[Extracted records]
=== Begin Enclosure ===

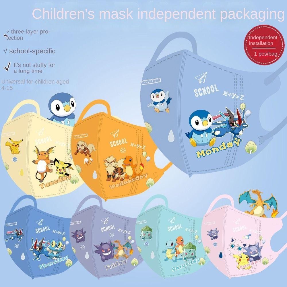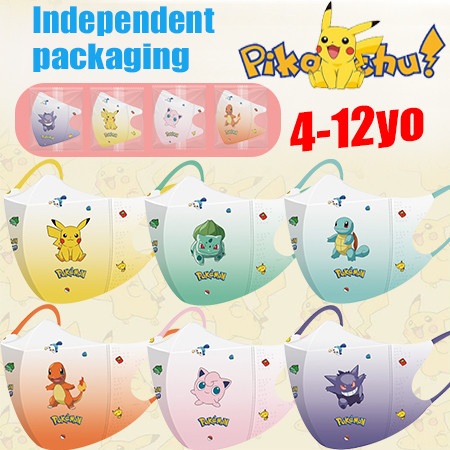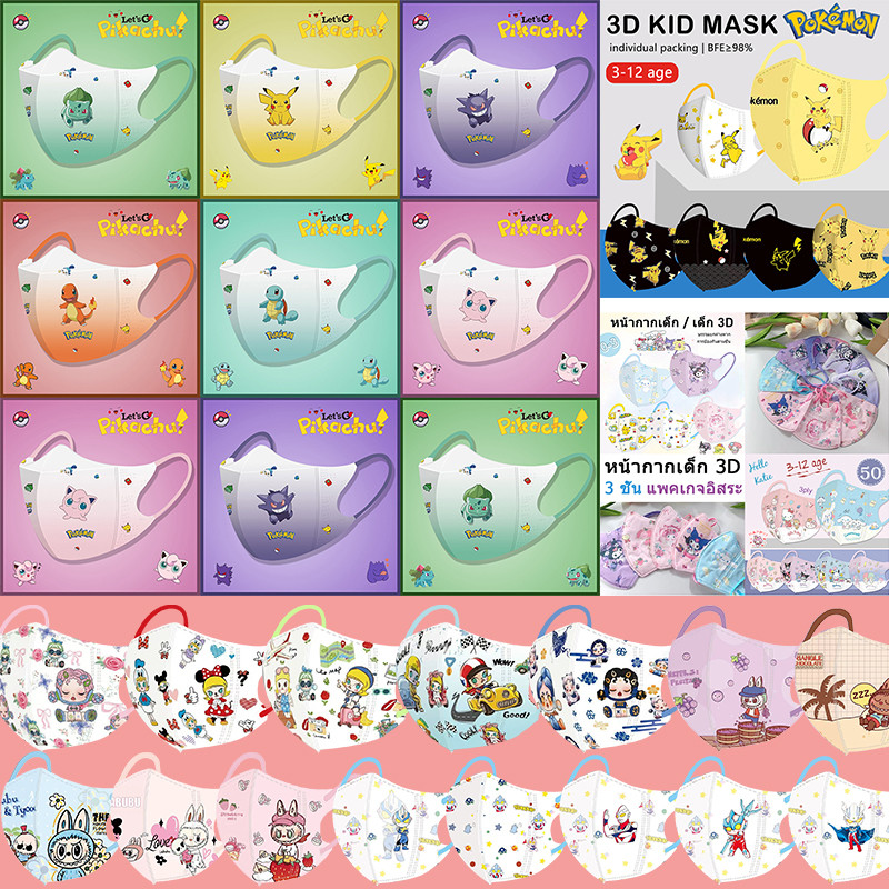 Kid Mask4D มาสก์การ์ตูนเด็ก 4-12yo บรรจุแยกกันในรูปแบบต่างๆ: รูปแบบการ์ตูนของ Capibala, Kuromi และ Pikachu Spider-Man Mix และ Match หน้ากากเด็ก
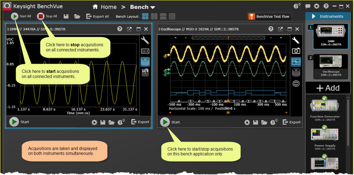 One of the key features of the BenchVue application is that you can simultaneously control multiple connected instruments. This allows you to create a "virtual" workbench of instruments all running simultaneously within one instance of the BenchVue software.
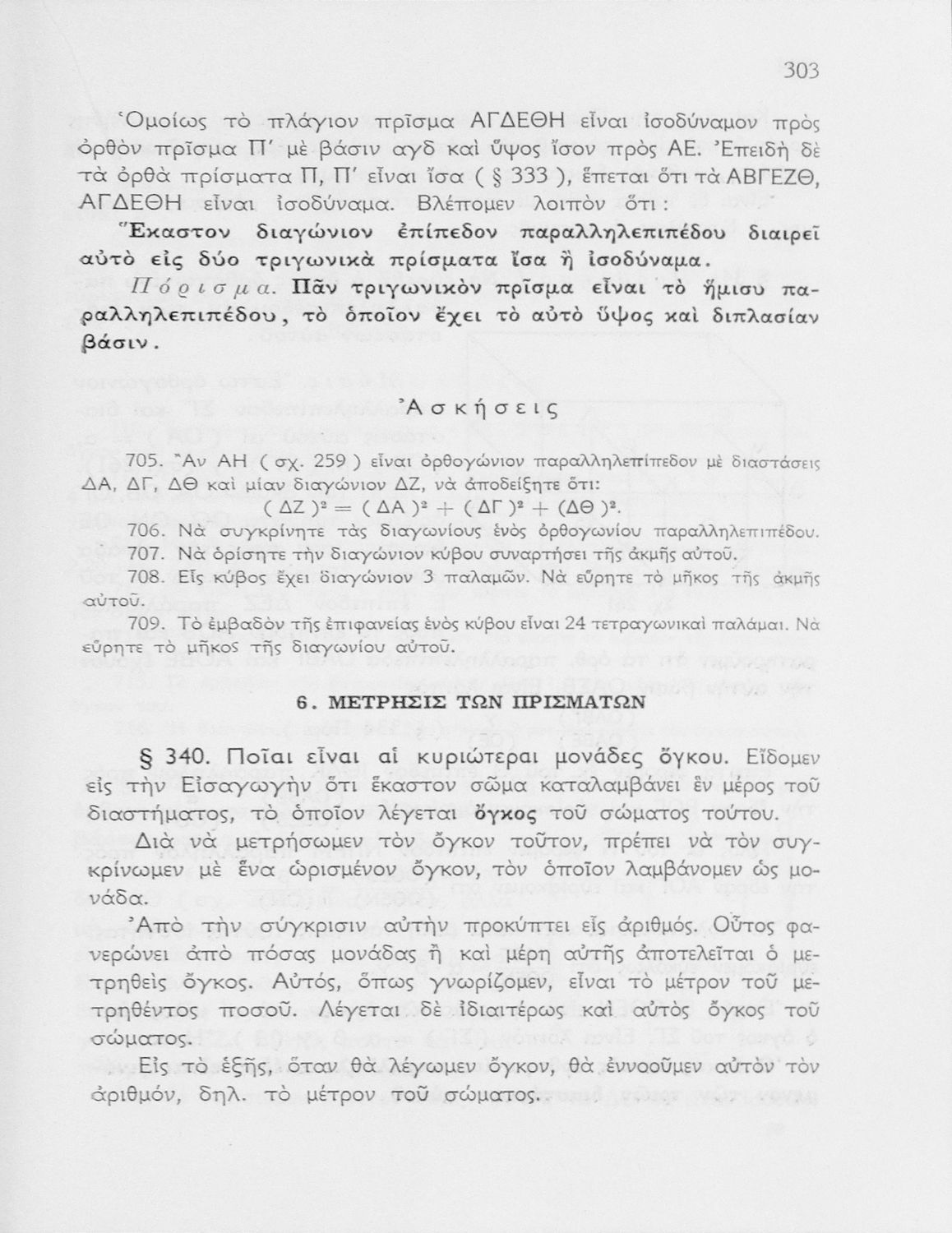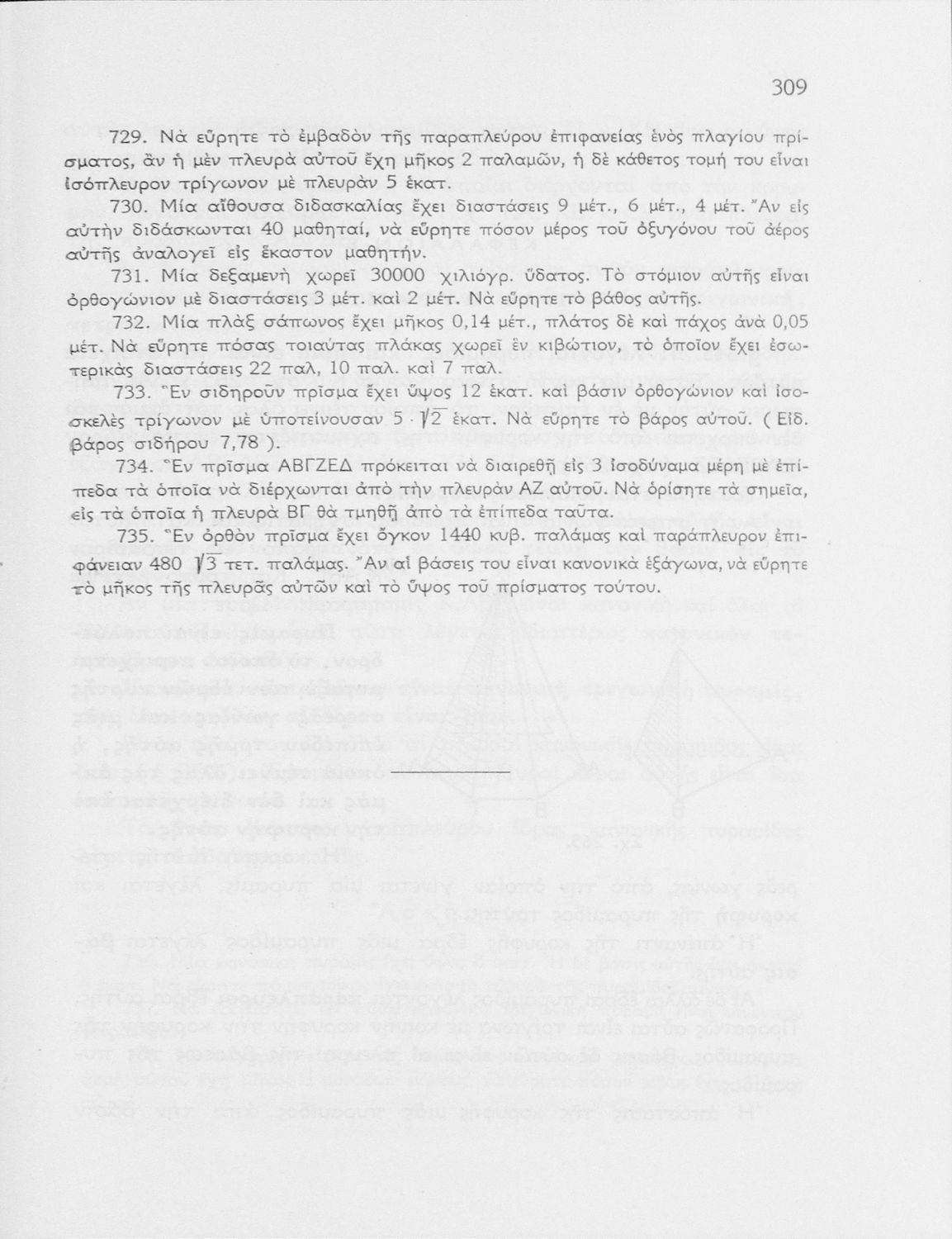 Σχολικό εγχειρίδιο Γεωμετρίας Γυμνασίου που περιλαμβάνει θεωρία και ασκήσεις και είναι χωρισμένο σε Επιπεδομετρία και Στερεομετρία.
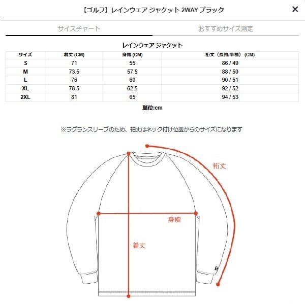※ラグランスリーブのため、袖丈はネック付け位置からのサイズになります。
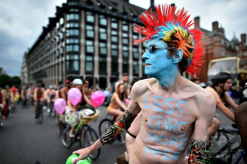 ロンドンに裸のサイクリスト集団、環境保護など訴え
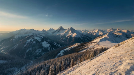 High altitude mountains peaks covered in snow in a pristine alpine landscape in winter
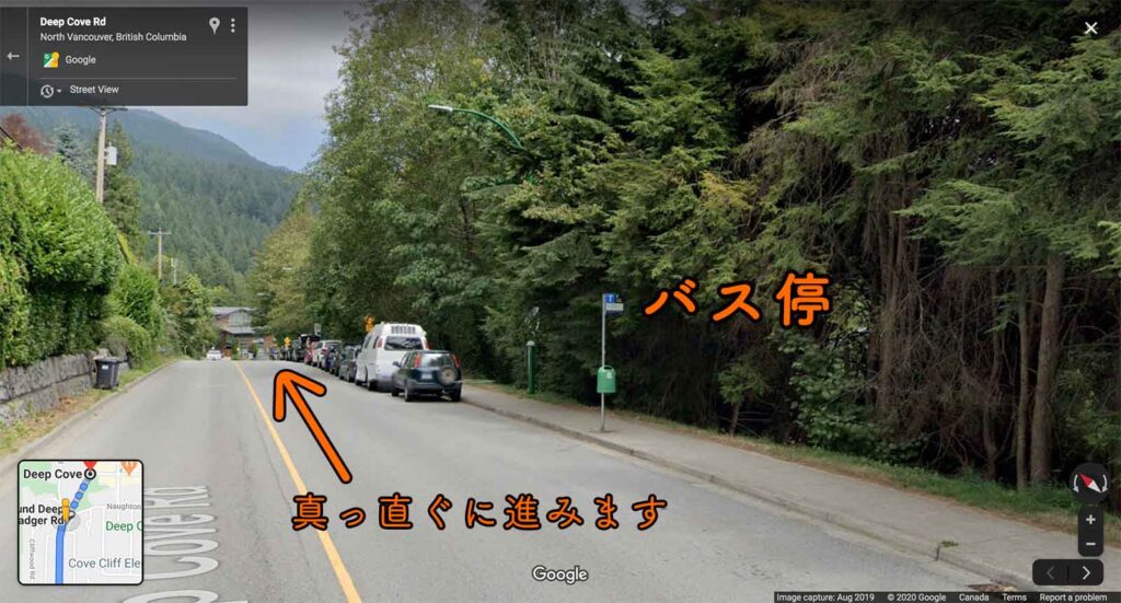 2.約45分ほど乗車して、「Northbound Deep Cove Rd @ Badger Rd」で下車をして、赤い矢印の方向のように真っ直ぐに進みます😌
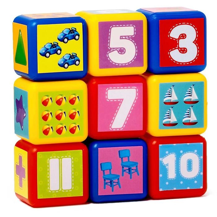 Набор цветных кубиков «Счёт», 9 штук, 4 х 4 см, по методике Монтессори
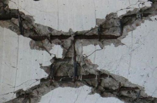 由于混凝土质量较差或保护层厚度不足,混凝土保护层受二氧化碳侵蚀炭化至钢筋表面,使钢筋周围混凝土碱度降低,或由于氯化物介入,钢筋周围氯离子含量较高,均可引起钢筋表面氧化膜破坏,钢筋中铁离子与侵入到混凝土中的氧气和水分发生锈蚀反应,其锈蚀物氢氧化铁体积比原来增长约2~4倍,从而对周围混凝土产生膨胀应力,导致保护层混凝土开裂、剥离,沿钢筋纵向产生裂缝,并有锈迹渗到混凝土表面。由于锈蚀,使得钢筋有效断面面积减小,钢筋与混凝土握裹力削弱,结构承载力下降,并将诱发其它形式的裂缝,加剧钢筋锈蚀,导致结构破坏。
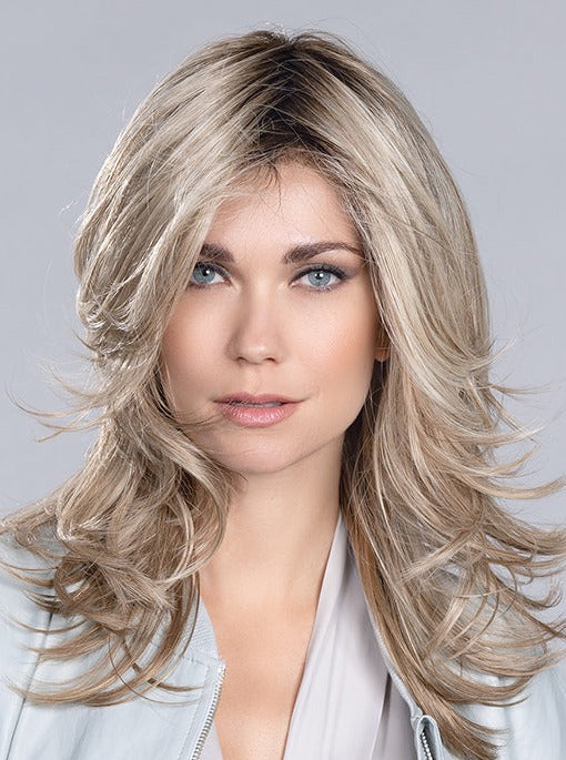 Voice Large from the Ellen Wille Hi Power Collection, just like Voice Average, is a longer wig with stunning face framing layers made to fit a larger head circumference. This wig can be worn sleek straight or curly/wavy with its heat-friendly synthetic fiber. The lace front provides the most natural looking hairline and the monofilament top allows you to part the hair in the direction you please.
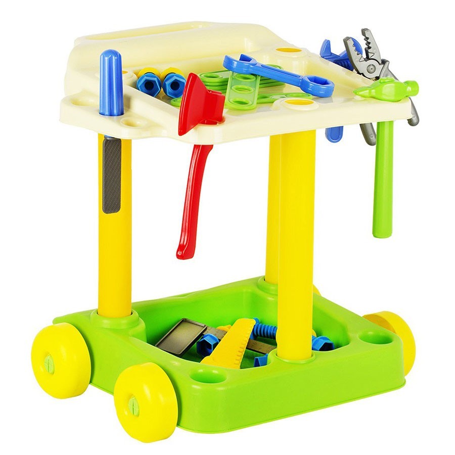 С таким набором ребенок легко сможет почувствовать себя настоящим мастером на все руки. На удобной тележке с колесиками и двумя полками расположены маленькие копии самых разных инструментов - топор, пила, молоток, гаечный ключи и многие другие, хорошо детализированные и реалистичные. Набор отлично подходит для сюжетно-ролевых игр, формирует у ребенка бытовые навыки и привычки, развивает моторику и воображение. Все элементы набора изготовлены из качественных нетоксичных материалов, безопасных для здоровья ребенка. Товар представлен в ассортименте.
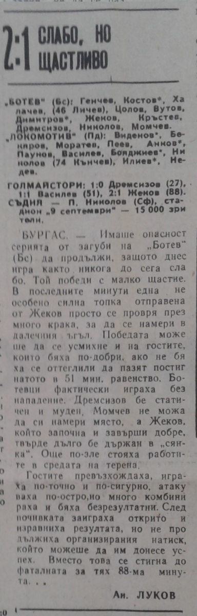 «Ботев» Бургас - «Локомотив» Пловдив - 2:1

=== End Enclosure ===

TRY IT ▸
Taking the records above, print only and exactly the lines from the line with "Σχολικό εγχειρίδιο Γεωμετρίας" to the line with "由于混凝土质量较差或保护层厚", both kept, and exclude pictures.

TASK OUTPUT ▸
 Σχολικό εγχειρίδιο Γεωμετρίας Γυμνασίου που περιλαμβάνει θεωρία και ασκήσεις και είναι χωρισμένο σε Επιπεδομετρία και Στερεομετρία.
※ラグランスリーブのため、袖丈はネック付け位置からのサイズになります。
 ロンドンに裸のサイクリスト集団、環境保護など訴え
 High altitude mountains peaks covered in snow in a pristine alpine landscape in winter
 2.約45分ほど乗車して、「Northbound Deep Cove Rd @ Badger Rd」で下車をして、赤い矢印の方向のように真っ直ぐに進みます😌
 Набор цветных кубиков «Счёт», 9 штук, 4 х 4 см, по методике Монтессори
 由于混凝土质量较差或保护层厚度不足,混凝土保护层受二氧化碳侵蚀炭化至钢筋表面,使钢筋周围混凝土碱度降低,或由于氯化物介入,钢筋周围氯离子含量较高,均可引起钢筋表面氧化膜破坏,钢筋中铁离子与侵入到混凝土中的氧气和水分发生锈蚀反应,其锈蚀物氢氧化铁体积比原来增长约2~4倍,从而对周围混凝土产生膨胀应力,导致保护层混凝土开裂、剥离,沿钢筋纵向产生裂缝,并有锈迹渗到混凝土表面。由于锈蚀,使得钢筋有效断面面积减小,钢筋与混凝土握裹力削弱,结构承载力下降,并将诱发其它形式的裂缝,加剧钢筋锈蚀,导致结构破坏。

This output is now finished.